In the interview, Batmanghelidjh accused Gove of being “really  disingenuous”.  

She said: “By 2015 he was saying he never wanted Kids Company funded and I find it very difficult when people change colours.

“I can live without Michael Gove’s apology but the staff and the children are owed an apology from Michael Gove, [former Cabinet Office minister] Oliver Letwin, all these people who promised that they were going to help us resolve the fact that children were pouring in through our doors. 

“The reason I clashed with the Cabinet Office was because I realised they were not taking responsibility.”
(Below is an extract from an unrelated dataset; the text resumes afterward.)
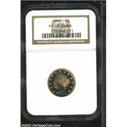 <TABLE cellSpacing=0 cellPadding=0 width="100%" bgColor=#000000 border=0><TBODY><TR><TD width="100%"><TABLE cellSpacing=1 cellPadding=3 width="100%" border=0><TBODY><TR><TD width="100%" bgColor=#79735c><FONT face=arial color=#ffffff size=3><B>Description</B> </FONT></TD></TR><TR><TD width="100%" bgColor=#ffffff><FONT face=arial size=2><B>1892 5C PR65 Cameo NGC.</B></I> The glassy proof surfaces are fully detailed and exhibit rich olive-gold color, which is partially overlaid on each side by vivid orange toning streaks. There are a handful of small contact marks on Liberty's face. The deeply reflective fields provide an ample backdrop, against which the lightly frosted devices are appealingly contrasted. Population: 10 in 65, 16 finer (7/03). </FONT></TD></TR></TBODY></TABLE></TD></TR></TBODY></TABLE><BR><A name=PricesRealized></A><TABLE cellSpacing=0 cellPadding=0 width="100%" bgColor=#000000 border=0><TBODY><TR><TD width="100%"><TABLE cellSpacing=1 cellPadding=3 width="100%" border=0><TBODY><TR><TD width="100%" bgColor=#79735c><A name=PR><FONT face=arial color=#ffffff size=3><B>Previous Prices from Heritage Auctions</B> </FONT></A></TD></TR><TR><TD bgColor=#f6f6ed><TABLE cellSpacing=0 cellPadding=0 width="100%" border=1><TBODY><TR><TD align=middle width="33%"><B>Date</B></TD><TD align=middle width="33%"><B>Service</B></TD><TD align=middle width="33%"><B>Price</B></TD></TR><TR bgColor=whitesmoke><TD width="33%"><B>11/15/2001</B></TD><TD width="33%">NGC</TD><TD width="33%">$517.50</TD></TR></TBODY></TABLE></TD></TR><TR><TD bgColor=#ffffff><FONT face=arial size=1 ?>PLEASE NOTE: All prices realized reflect the final hammer price PLUS the buyer's premium in auctions that charge a buyer's premium. Each item has a notation at the top of the listing indicating whether that lot included a buyer's premium. Example: A item that sells with a final hammer price of $100 and a 20% buyer's premium will display with a price realized of $120. All information listed is intended to be as accurate as possible, but errors are possible. Please use this guide carefully and inform us of any inaccuracies. </FONT></TD></TR></TBODY></TABLE></TD></TR></TBODY></TABLE><BR><TABLE cellSpacing=0 cellPadding=0 width="100%" bgColor=#000000 border=0><TBODY><TR><TD width="100%"><TABLE cellSpacing=1 cellPadding=3 width="100%" border=0><TBODY><TR><TD width="100%" bgColor=#79735c colSpan=6><FONT face=arial color=#ffffff size=3><B>Price Guide*</B> </FONT></TD></TR><TR bgColor=#f6f6ed><TD align=middle><B>Grade</B> </TD><TD align=middle><B>Coin World<BR>(Trends)</B> </TD><TD align=middle><B>Numismedia<BR>Retail</B> </TD><TD align=middle><B>Numismedia<BR>Wholesale</B> </TD><TD align=middle><B>Coin<BR>Universe</B> </TD><TD align=middle><B>Heritage<BR>Value Index</B> </TD></TR><TR bgColor=#ffffff><TD align=middle>64</TD><TD align=right>---</TD><TD align=right>---</TD><TD align=right>---</TD><TD align=right>---</TD><TD align=right>$225.50</TD></TR><TR style="FONT-WEIGHT: bold" bgColor=#cccfdd><TD align=middle>65</TD><TD align=right>---</TD><TD align=right>---</TD><TD align=right>---</TD><TD align=right>---</TD><TD align=right>$419.25</TD></TR><TR bgColor=#ffffff><TD align=middle>66</TD><TD align=right>---</TD><TD align=right>---</TD><TD align=right>---</TD><TD align=right>---</TD><TD align=right>---</TD></TR><TR bgColor=#ffffff><TD colSpan=6><FONT size=1>*All information listed is intended to be as accurate as possible, but errors are possible. No item may be returned or refused based on this information which is provided as a service to our customers. You should contact each pricing source directly to determine the accuracy of this information. </FONT></TD></TR></TBODY></TABLE></TD></TR></TBODY></TABLE><BR><TABLE cellSpacing=0 cellPadding=0 width="100%" bgColor=#000000 border=0><TBODY><TR><TD width="100%"><TABLE cellSpacing=1 cellPadding=3 width="100%" border=0><TBODY><TR><TD width="100%" bgColor=#79735c><FONT face=arial color=#ffffff size=3><B>Population Guide</B> </FONT></TD></TR><TR bgColor=#ffffff><TD align=middle><!-- Begin Output of Population Grid--><TABLE cellSpacing=0 cellPadding=0 width="100%" border=0><TBODY><TR><TD vAlign=center><TABLE cellSpacing=0 width="100%" border=1 cellsadding="3"><TBODY><TR><TD vAlign=center><TABLE cellSpacing=0 cellPadding=3 width="100%" border=1><TBODY><TR><TD vAlign=center align=middle bgColor=#f0f1e8 colSpan=2 <CENTER><FONT face=Arial size=2><B>PCGS Pop </B></FONT><CENTER></CENTER></TD><TD vAlign=center align=middle bgColor=#f0f1e8 colSpan=2><CENTER><FONT face=Arial size=2><B>NGC Pop</B></CENTER></FONT></TD></TR><TR><TD vAlign=center><FONT face=Arial size=2>(65)</FONT> </TD><TD vAlign=center align=right><FONT face=Arial size=2>3</FONT> </TD><TD vAlign=center><FONT face=Arial size=2>(65)</FONT> </TD><TD vAlign=center align=right><FONT face=Arial size=2>10</FONT> </TD></TR><TR><TD vAlign=center><FONT face=Arial size=2>(>65)</FONT> </TD><TD vAlign=center align=right><FONT face=Arial size=2>3</FONT> </TD><TD vAlign=center><FONT face=Arial size=2>(>65)</FONT> </TD><TD vAlign=center align=right><FONT face=Arial size=2>16</FONT> </TD></TR></TBODY></TABLE></TD></TR></TBODY></TABLE></TD></TR></TBODY></TABLE><!-- End Output of Population Grid--> Important notice: Heritage usually auctions material at the rate of 200-250 lots per hour. On some occasions eBay Live bid software or the Internet may not be able to keep up with the pace of the auction. We recommend placing a realistic absentee bid now as insurance to avoid disappointment. Occasionally the auctioneer may eliminate or reject an eBay Live bid, and the auctioneer may also reopen a lot after the close of the eBay live bidding (usually because we missed an audience bid), and may reject your bid even if it shows you as the winning bidder. By bidding via eBay Live, you agree that Heritage may award the lot to another bidder at its sole discretion under the circumstances described above or any other reasonable circumstances. Also please note that all 
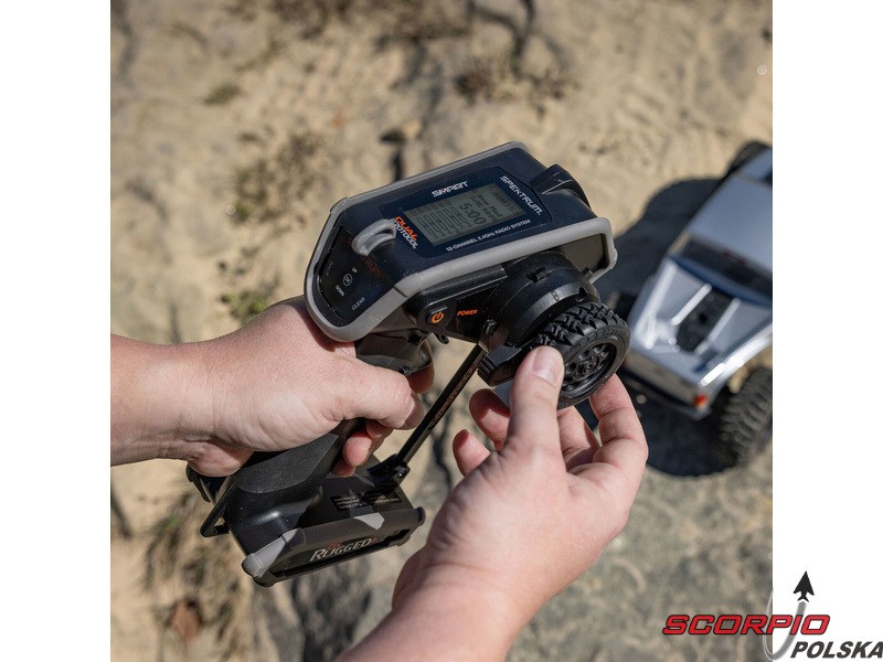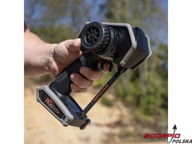 Ergonomiczne nadajniki Spektrum Rugged utorowały drogę do tego, aby każdy kierowca czuł się w modelu DX Rugged+ jak w domu. Dzięki temu możesz poczuć w dłoni antypoślizgowy uchwyt, który przyjemnie leży w dłoni, solidną kierownicę i logicznie rozmieszczone przełączniki pomocnicze. Ponadto nadajnik jest lekki i łatwy w obsłudze.

Batmanghelidjh also accused Dominic Cummings, the Vote Leave director who was Prime Minister Boris Johnson’s chief adviser until December, of running a “smear campaign”.

She said: “I personally think it was a smear campaign and I think there were two targets.”

She said one of those was the former Prime Minister David Cameron, who had supported Kids Company as part of his big society agenda. 

“And I think another bit was campaigning for child protection issues and I think the country has no capacity to address its child protection problems.

“We got sandwiched between these two concerns and that was why there was such a ferocious attack on us.”

Batmanghelidjh also hit out at parts of the media in what she described as immature journalists probably acting on behalf of their political masters.

She was also critical of the BBC Newsnight report launched in 2015 that led to an investigation by police following allegations of sexual exploitation at two of its sites.

The allegations were later revealed to be unfounded and the High Court found in its ruling that the charity might have survived if those allegations had not been made.

In the interview, Batmanghelidjh accused the media of abusing its position and revealed she would run the charity in the same way if she had the chance to do it all over again.

Asked if she had any regrets she said: “I underestimated the political games that get played and other people’s envy.

“When you set up a charity, you’re inexperienced and you learn as you go, and I’m sure we would have learned more, we didn’t do it perfectly but that’s the reality, I think we were getting better because we were learning from the children.”

Asked to comment, a government spokesperson said: ”The problems surrounding Kids Company that led to its closure have been well documented.

The spokesperson said: “This government is committed to levelling up outcomes for every young person, no matter their background or circumstance.”